PHILADELPHIA (CBS) -- A new medical-rescue drone was unveiled Monday at the Osteopathic Medical Education Conference in Center City. It may be the key to saving lives in a disaster.

Using geo-location on your smart phone, HIRO - or Healthcare Integrated Rescue Operations drone - can fly to an emergency call and be the next best thing to having a doctor present.

HIRO
(credit: Kristen Johanson)

Co-developer, Dr. Italo Subbarao, says it guides a bystander or other caregiver through the steps of helping a patient using a small camera on a pair of glasses.

"Technology that will instruct them to put the smart glasses on, (and the gloves) and an ear piece," Subbarao said, "and the physician will come on the screen, and will say 'what is the emergency' or 'show me the emergency.'"

The drone arrives with life-saving supplies like tourniquets, bandages and drugs.

"Those medications are located in remotely controlled locked bins," Subbarao explained, "and we also have diagnostic equipment that we can stream their vital signs."

Special glasses and an ear piece connect a person on the scene to a doctor offsite.

There's a camera located in the middle of the lens that would stream the video from the field and into the physician portal.

A demonstration video from William Carey University College of Osteopathic Medicine shows fake distress and how people on the scene could help the injured.

There's real-time interaction and instructions from the offsite doctor.

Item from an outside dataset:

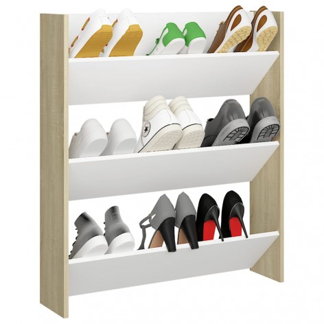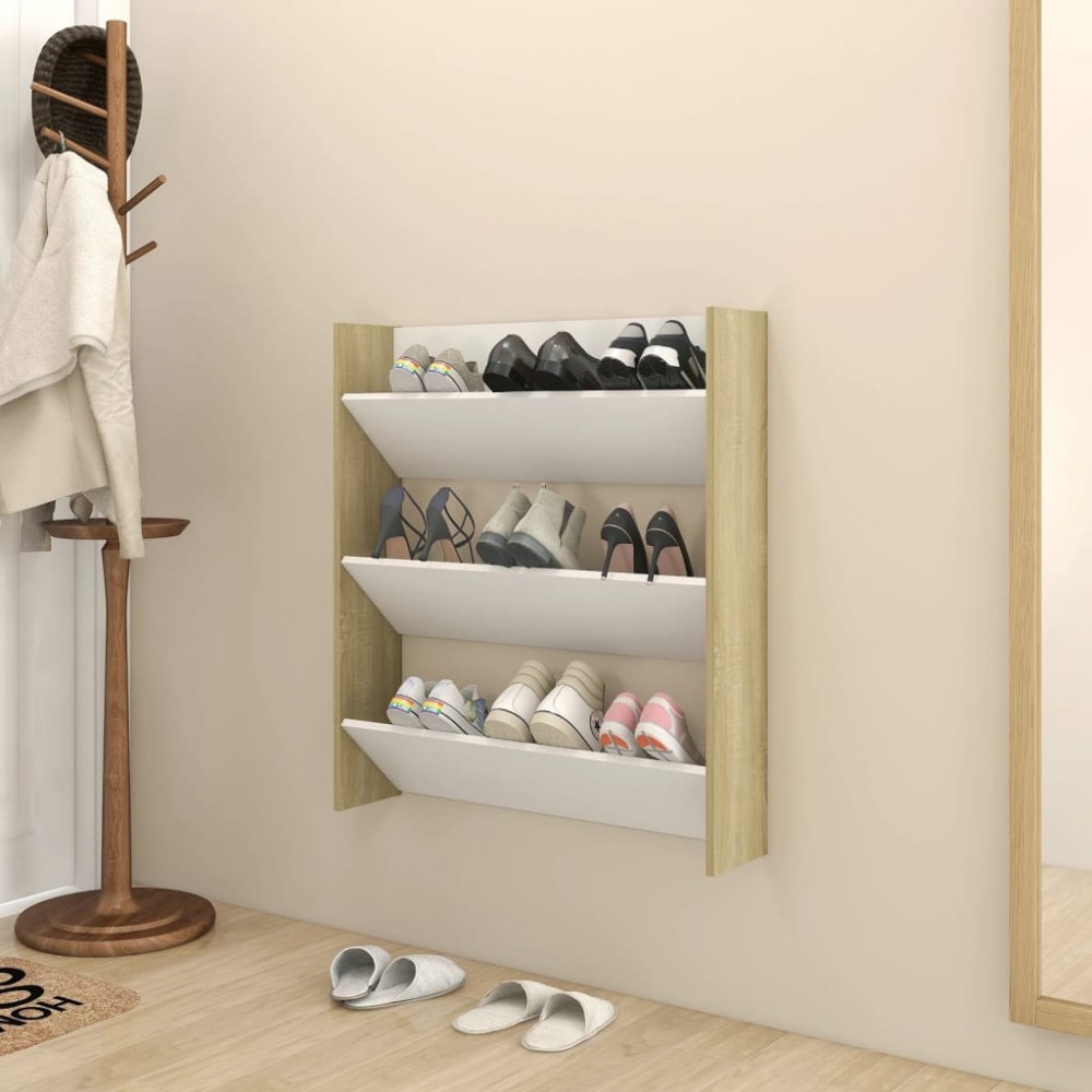 Scarpiera a Muro Bianco e Rovere Sonoma 80x18x90cm Truciolato

"The physician on the other side of the kit is able to control it remotely and be able to provide timely life-saving medications to that patient in the field," said Subbarao.

When the offsite doctor determines certain medications are needed he opens locked boxes in the kit.

It's like a remote-controlled mini-ambulance, also equipped with video to demonstrate various medical techniques.

The drone technology is still being worked on, making sure it can go a longer distance with a heavier load, and there's a big emphasis on safety and communication that happens mainly with a satellite.

Right now HIRO is in test-flight, with hopes of launching by early next year.